Interestingly, the temporal binding between audio and visual events remains contingent on the link with the specific action that causes them. Action-induced shifts in perceptual simultaneity did not transfer to a situation where the same events were caused by a different action. This suggests that recalibration of audio-visual simultaneity is not determined only by the identity of the stimuli themselves, but also depends on the identity of the action that caused them. This corroborates recent studies showing that the identity of the audio-visual pair does not drive temporal recalibration8,27 (but see ref. 25).

Thus, learning a specific relation between an action and the identity of a subsequent audio-visual outcome led to the temporal binding of the visual and auditory components of the outcome. Our control experiments found no corresponding shift in PSS values when specific lagged audio-visual stimuli were associated with visual cues or lateralised tactile cues (Experiment 2 and 3, respectively). To match Experiments 2 and 3 with Experiment 1 we decided to present visual/tactile cues before action execution. Recent studies showed that the brain represents predicted outcomes already during motor preparatory processes28,29, hence, before action execution. Thus, we wanted participants to have enough time to process visual and tactile cues. Secondly, we did not want the experiments 2 and 3 to be passive. Thus, as in Experiment 1, in those experiments audio-visual pairs were generated by an action. This was done to match the attentional demands across experiments12. Indeed, Hughes and his colleagues12 showed that comparing active and passive conditions differ in terms of action processes but also in terms of processes such as attention or readiness. Indeed, actions are predictable; instead external cues are unpredictable since we do not control their onset. Unpredictable cues may attract participants’ attention, for example by producing an orienting response. This could, in turn, influence processing of subsequent sensory events. In the current study we wanted to reduce the impact of these attentional factors.

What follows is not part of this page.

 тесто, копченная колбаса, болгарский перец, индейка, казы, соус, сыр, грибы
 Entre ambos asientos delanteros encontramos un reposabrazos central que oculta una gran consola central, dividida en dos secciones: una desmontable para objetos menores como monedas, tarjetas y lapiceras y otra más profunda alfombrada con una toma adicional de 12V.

The absence of a shift of PSS in our two control experiments suggest that simple statistical regularities between cues and subsequent events cannot explain the shift in PSS we observed in the main experiment. Interestingly, participants in the control studies did make voluntary actions, although, unlike experiment 1 (and experiment 4 in the supplementary material), this action did not determine the outcome. Indeed, in the control experiments, the actions were not reliably associated with a specific audio-visual pair. These results suggest that mere expectation of an outcome pair did not boost audio-visual temporal binding to the same extent as a voluntary action known to generate the outcome pair. That is, the recalibration of perceived simultaneity was due to the capacity to control outcomes through one’s own voluntary action. Thus, we further conclude that mere motor execution is not sufficient to boost temporal binding.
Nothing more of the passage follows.